Passkeys are built on the FIDO2 standard (CTAP2 + WebAuthn standards). They remove the shared secret, stop phishing at the source, and make credential-stuffing useless.
But adoption is still low, and interoperability between Apple, Google, and Microsoft isn’t seamless.
I broke down how passkeys work, their strengths, and what’s still missing
That’s not the biggest disadvantage “if used properly.” Any account you have should get a passkey on every device you own. Each device has it’s own passkey system. If you have an iPhone, yeah, you get an apple passkey, but then if you have a windows laptop, you have a microsoft passkey, a FLOSS system will have it’s own, and so on. You are already on whatever system would contain the passkey and can easily add different ones each time you get a new device.

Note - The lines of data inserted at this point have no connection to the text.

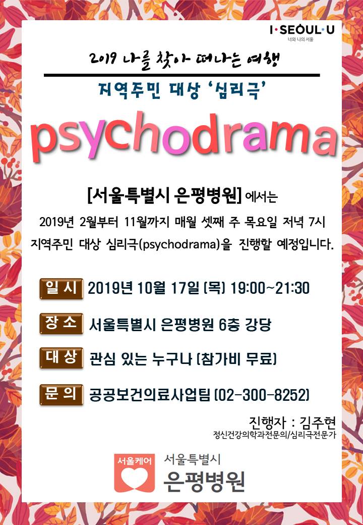 [서울특별시 은평병원]에서 10월 17일(목) 저녁 7시에 무료 심리극이 진행됩니다.
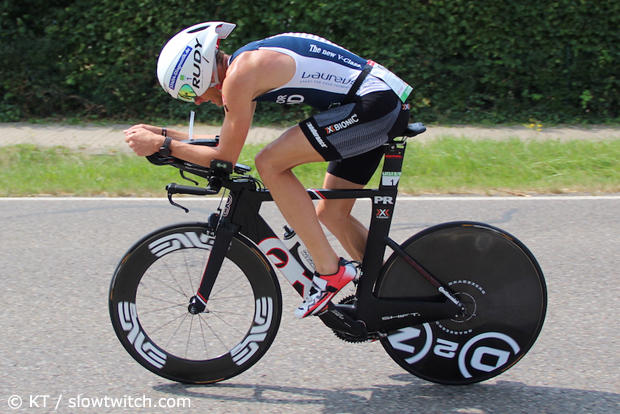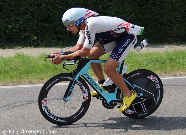 Andrew Starykowicz had a surprisingly slow swim and had to chase the front bunch.
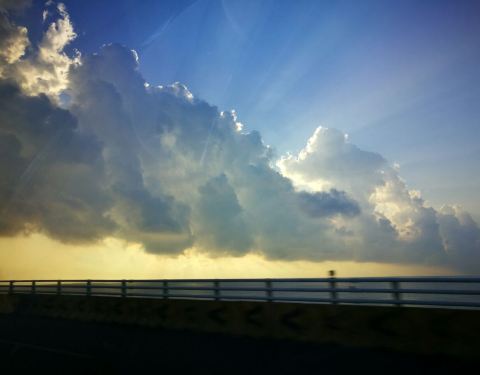 9968米长的跨江大桥 还跨了崇明长兴两岛上海一地 跟南京武汉几个跨江大桥比起来 大概是最长景色最好的长江大桥了 三车道不宽 来回车道间隔空 两边栏杆很低 跟美国那著名的自己不敢开找代驾排队的跨海大桥有点像了...
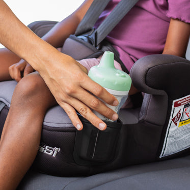 El asiento elevador combinado Baby Trend® Hybrid™ SI 3 en 1 con protección contra impactos laterales proporciona seguridad y comodidad óptimas para su hijo en crecimiento. Este asiento elevador, con diseño deportivo y orientado hacia adelante, ofrece valor para toda la familia, ya que puede usarse durante largos periodos con un arnés de 5 puntos, además de los modos elevador con respaldo alto y sin respaldo. El reposacabezas ajustable en altura proporciona una protección y comodidad superiores contra impactos laterales. Las almohadillas laterales para impactos laterales, fijadas al lateral del armazón de la silla, brindan mayor seguridad y protección a su pequeño en caso de colisión. Los insertos reversibles y suaves, y los dos portavasos, brindan comodidad, versatilidad y practicidad para el niño en crecimiento.
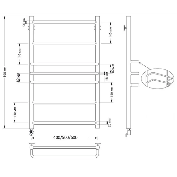 Полотенцесушитель электрический 670x432 ТЭН левый Secado Триест 4603777466053
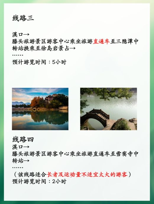 溪口-滕头旅游景区游客中心乘坐景区大巴直达三隐潭景点→三隐潭景点进入大峡谷瀑布群→参观完三隐潭景区后原路返回至三隐潭交通车中转站乘车→千丈岩入口→千丈岩瀑布顶→妙高台→人间弥勒(雪窦寺)→张学良第一幽禁地→雪窦寺中转站乘车→溪口-滕头旅游景区游客中心
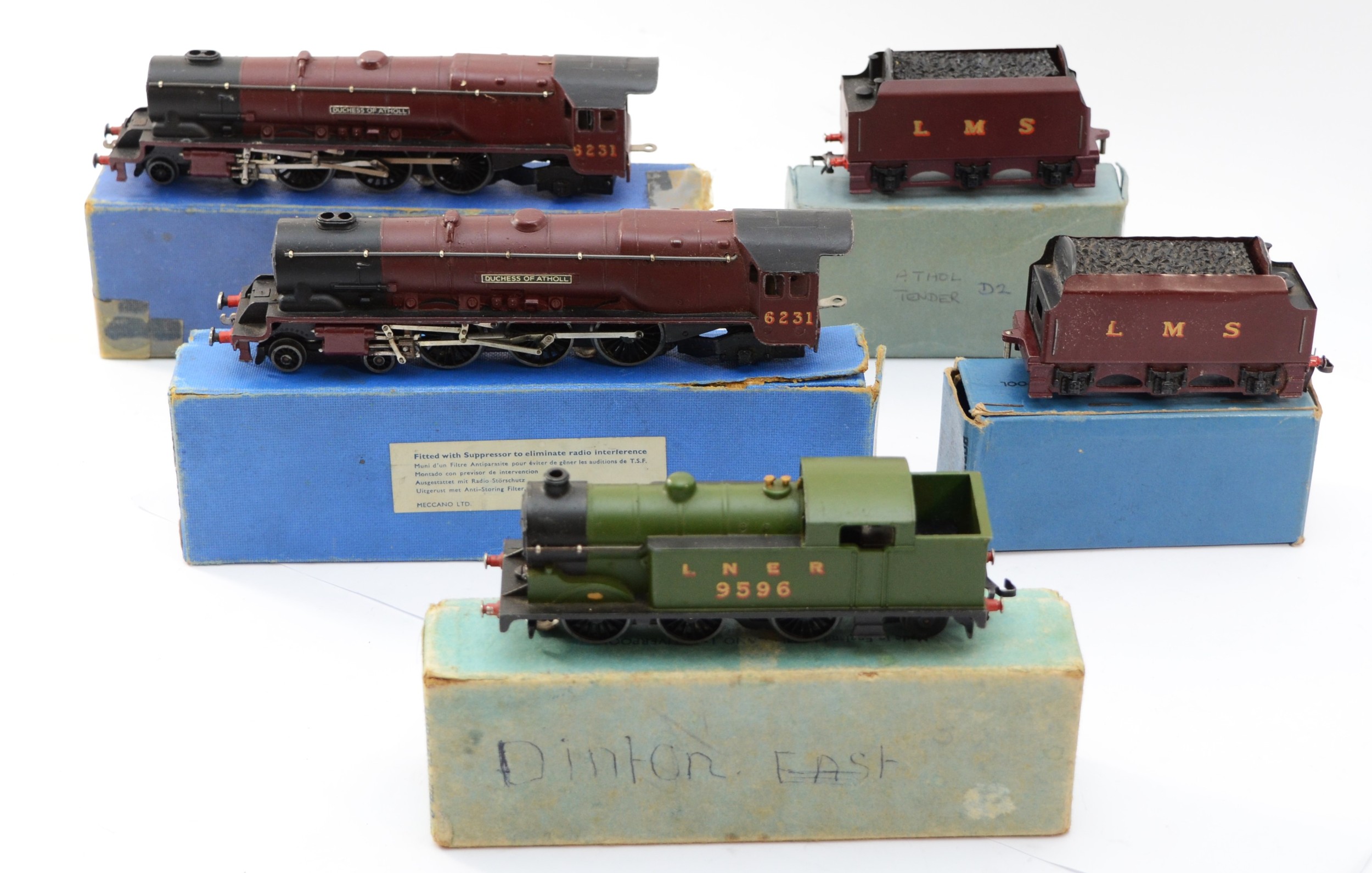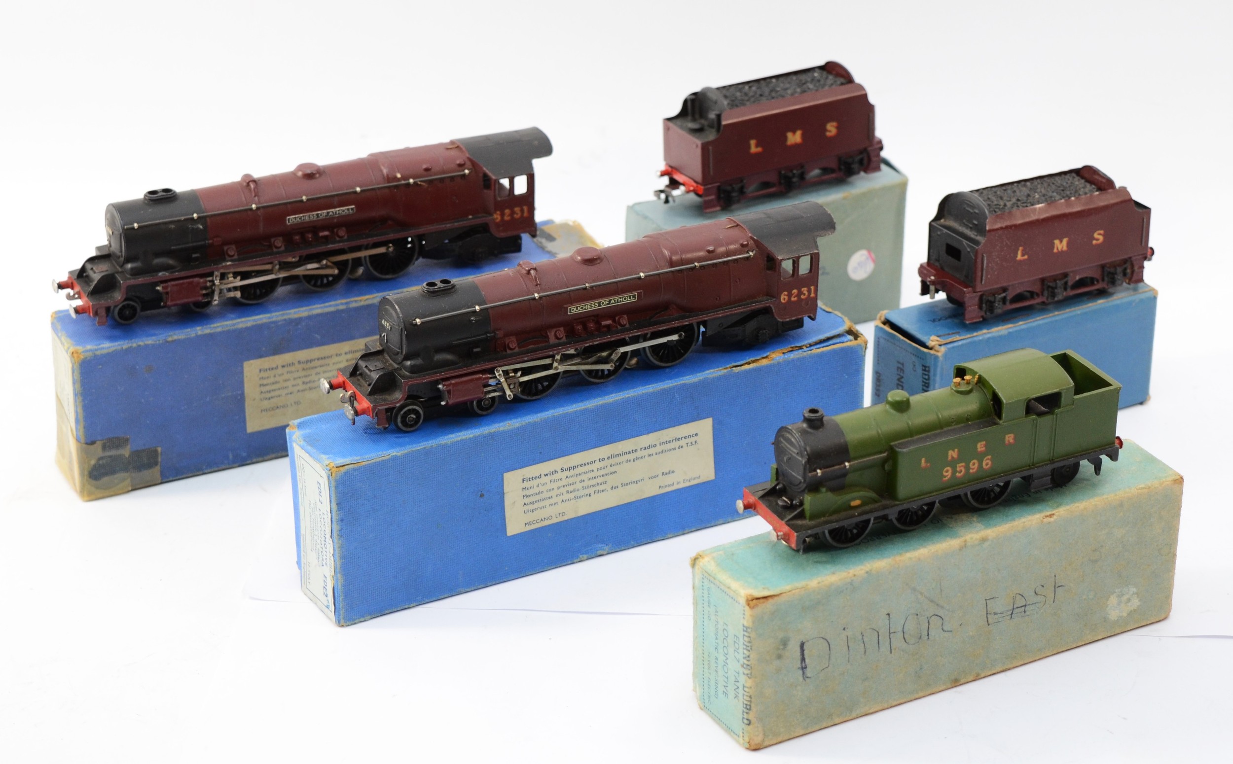 Hornby 00 Gauge Railways; Comprising EDL7 tank locomotive, class 9596, boxed, locomotive & tender 'Duchess Of Atholl' class 5231, boxed, EDL2 'Duchess Of Atholl' locomotive, boxed and a L.M.S tender, boxed.
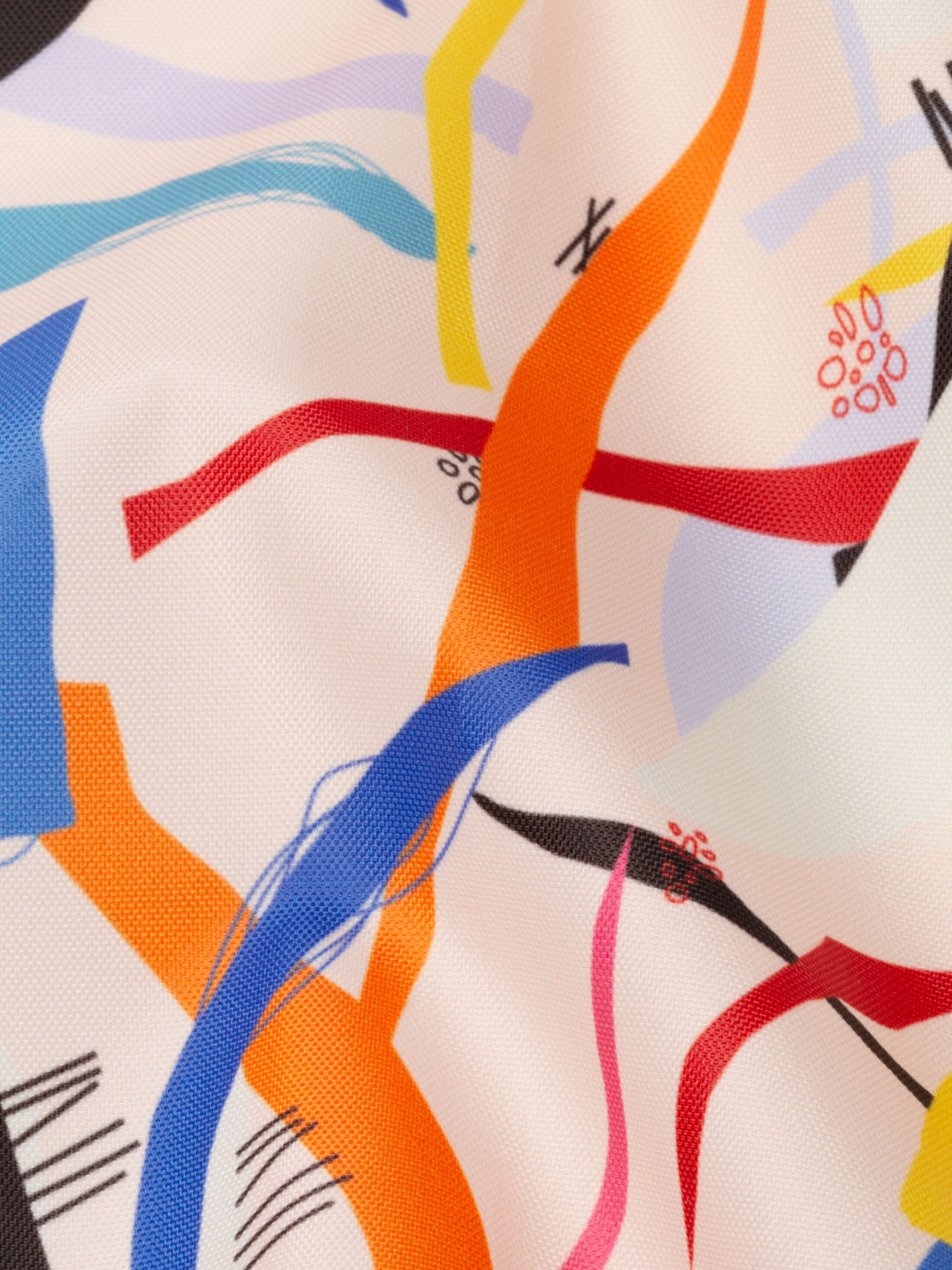 リンデン・ウォータープルーフは平織りでタイトな生地で、細かいディテールと鮮やかな色彩を表現できます。ほつれが出ない特徴があり、生地の切り口がとてもシャープです。120gsmの重さで薄い素材ですが、ぴんと張った生地はとても丈夫です。伸縮性はなく、100%防水加工の施された生地となります。

The biggest issue is that most people use a small number of devices (including many who use 1). Passkeys work best if you have many devices, so if you lose one, you just use another to access your services. If you have 1, you need to use recovery codes (and people don’t save them).
A key for each service for each device is too impractical in real life.
Getting a new device would mean logging in to hundreds of services to link up the new device. Or somehow keep track of which services have keys with which devices. And signing up to a new service would mean having to remember to generate keys for a a handfull of devices, some of which might not be available at the time (like a desktop computer at home when you are out). Or you risk getting logged out if you loose the one device that had a key for that particular service.
I agree passkeys can make sense with something like BitWarden or KeyPassX. Something that is FOSS, and is OS and device agnostic, and let’s you sync keys across devices. And should have independent backups too. Sync is not backup.